- What is needed
Exact copy, no pictures: restate each entry below word for word.

---------- Material to process

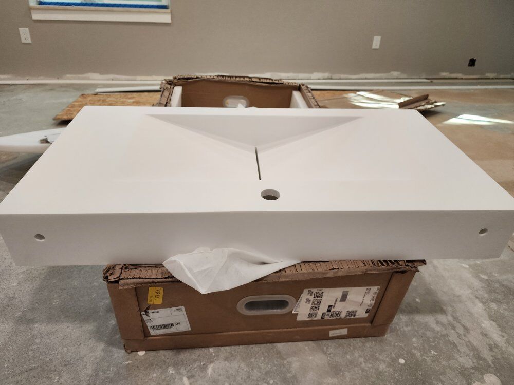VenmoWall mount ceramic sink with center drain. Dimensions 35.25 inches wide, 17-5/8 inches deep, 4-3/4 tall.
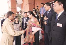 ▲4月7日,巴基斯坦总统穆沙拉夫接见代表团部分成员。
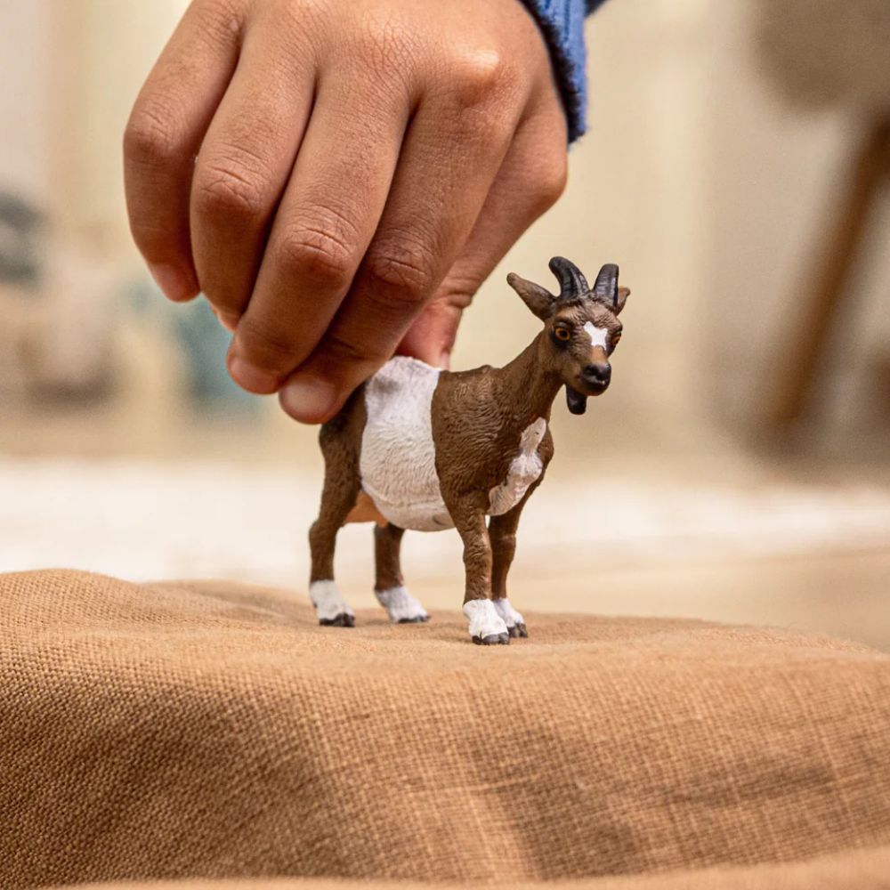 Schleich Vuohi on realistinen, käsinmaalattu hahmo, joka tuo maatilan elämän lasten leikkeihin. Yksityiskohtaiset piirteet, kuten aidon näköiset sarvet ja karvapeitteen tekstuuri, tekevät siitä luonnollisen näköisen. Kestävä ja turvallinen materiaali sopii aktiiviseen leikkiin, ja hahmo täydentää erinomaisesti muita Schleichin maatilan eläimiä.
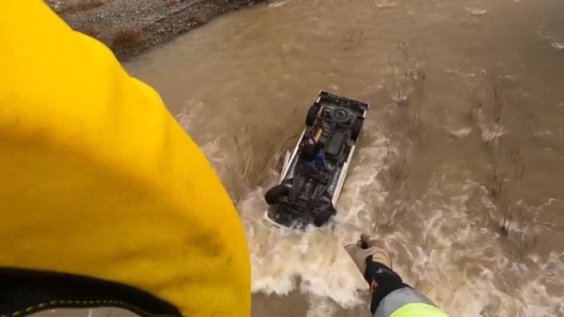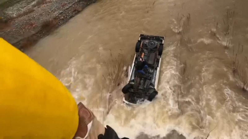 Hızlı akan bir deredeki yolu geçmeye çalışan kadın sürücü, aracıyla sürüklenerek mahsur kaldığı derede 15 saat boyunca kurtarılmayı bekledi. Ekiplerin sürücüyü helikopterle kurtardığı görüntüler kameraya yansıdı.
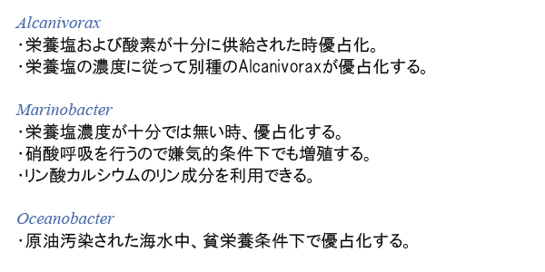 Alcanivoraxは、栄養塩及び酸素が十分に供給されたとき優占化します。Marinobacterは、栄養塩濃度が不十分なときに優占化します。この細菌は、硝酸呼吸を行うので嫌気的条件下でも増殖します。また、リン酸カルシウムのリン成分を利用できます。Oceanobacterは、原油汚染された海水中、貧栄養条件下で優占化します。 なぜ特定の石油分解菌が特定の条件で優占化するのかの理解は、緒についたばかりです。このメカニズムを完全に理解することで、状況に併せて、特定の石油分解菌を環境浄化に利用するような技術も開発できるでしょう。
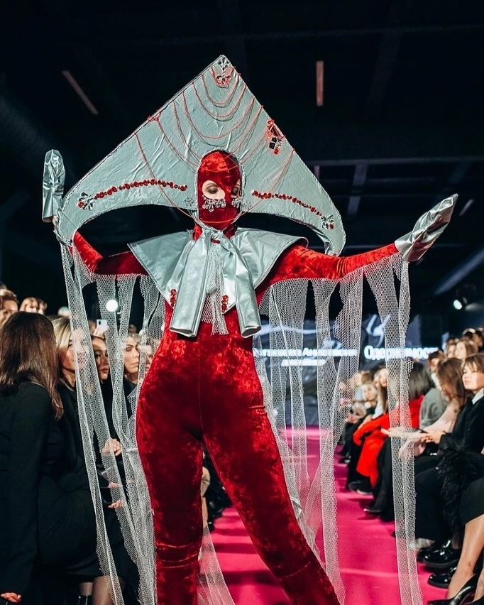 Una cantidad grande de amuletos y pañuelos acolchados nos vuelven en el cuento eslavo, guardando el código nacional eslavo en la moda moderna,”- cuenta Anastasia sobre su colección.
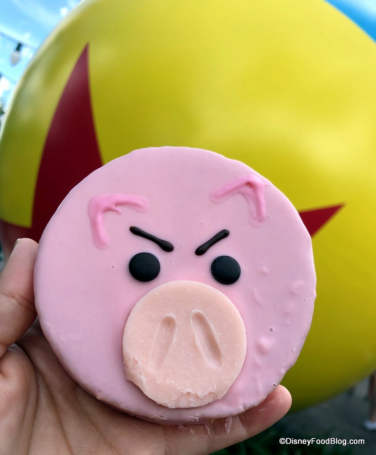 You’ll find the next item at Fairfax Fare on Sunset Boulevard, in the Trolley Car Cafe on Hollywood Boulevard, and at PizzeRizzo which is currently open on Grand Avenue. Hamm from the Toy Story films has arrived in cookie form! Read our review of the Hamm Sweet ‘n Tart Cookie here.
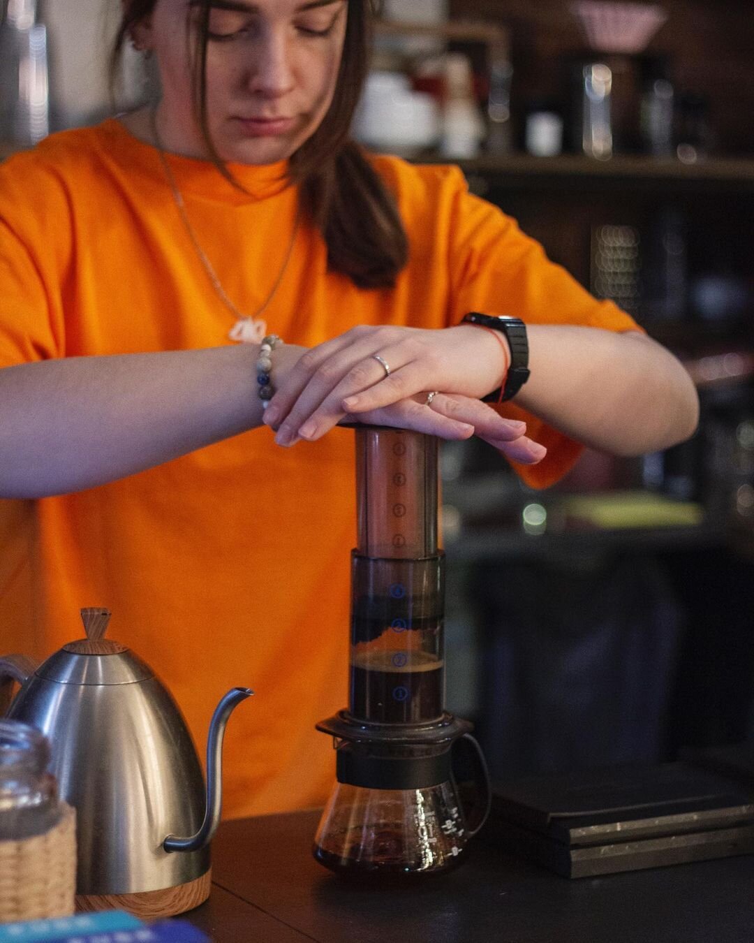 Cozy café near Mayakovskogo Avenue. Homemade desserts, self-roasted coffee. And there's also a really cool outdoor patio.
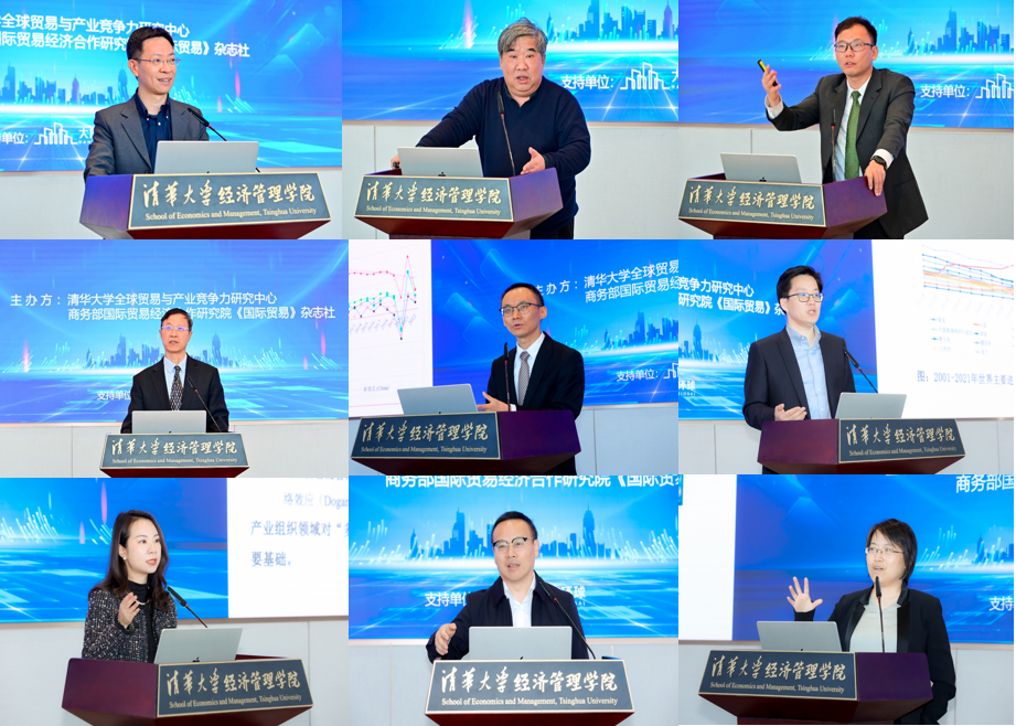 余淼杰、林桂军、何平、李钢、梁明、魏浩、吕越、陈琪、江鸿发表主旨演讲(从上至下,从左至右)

--------------------

- Solution
VenmoWall mount ceramic sink with center drain. Dimensions 35.25 inches wide, 17-5/8 inches deep, 4-3/4 tall.
 ▲4月7日,巴基斯坦总统穆沙拉夫接见代表团部分成员。
 Schleich Vuohi on realistinen, käsinmaalattu hahmo, joka tuo maatilan elämän lasten leikkeihin. Yksityiskohtaiset piirteet, kuten aidon näköiset sarvet ja karvapeitteen tekstuuri, tekevät siitä luonnollisen näköisen. Kestävä ja turvallinen materiaali sopii aktiiviseen leikkiin, ja hahmo täydentää erinomaisesti muita Schleichin maatilan eläimiä.
 Hızlı akan bir deredeki yolu geçmeye çalışan kadın sürücü, aracıyla sürüklenerek mahsur kaldığı derede 15 saat boyunca kurtarılmayı bekledi. Ekiplerin sürücüyü helikopterle kurtardığı görüntüler kameraya yansıdı.
 Alcanivoraxは、栄養塩及び酸素が十分に供給されたとき優占化します。Marinobacterは、栄養塩濃度が不十分なときに優占化します。この細菌は、硝酸呼吸を行うので嫌気的条件下でも増殖します。また、リン酸カルシウムのリン成分を利用できます。Oceanobacterは、原油汚染された海水中、貧栄養条件下で優占化します。 なぜ特定の石油分解菌が特定の条件で優占化するのかの理解は、緒についたばかりです。このメカニズムを完全に理解することで、状況に併せて、特定の石油分解菌を環境浄化に利用するような技術も開発できるでしょう。
 Una cantidad grande de amuletos y pañuelos acolchados nos vuelven en el cuento eslavo, guardando el código nacional eslavo en la moda moderna,”- cuenta Anastasia sobre su colección.
 You’ll find the next item at Fairfax Fare on Sunset Boulevard, in the Trolley Car Cafe on Hollywood Boulevard, and at PizzeRizzo which is currently open on Grand Avenue. Hamm from the Toy Story films has arrived in cookie form! Read our review of the Hamm Sweet ‘n Tart Cookie here.
 Cozy café near Mayakovskogo Avenue. Homemade desserts, self-roasted coffee. And there's also a really cool outdoor patio.
 余淼杰、林桂军、何平、李钢、梁明、魏浩、吕越、陈琪、江鸿发表主旨演讲(从上至下,从左至右)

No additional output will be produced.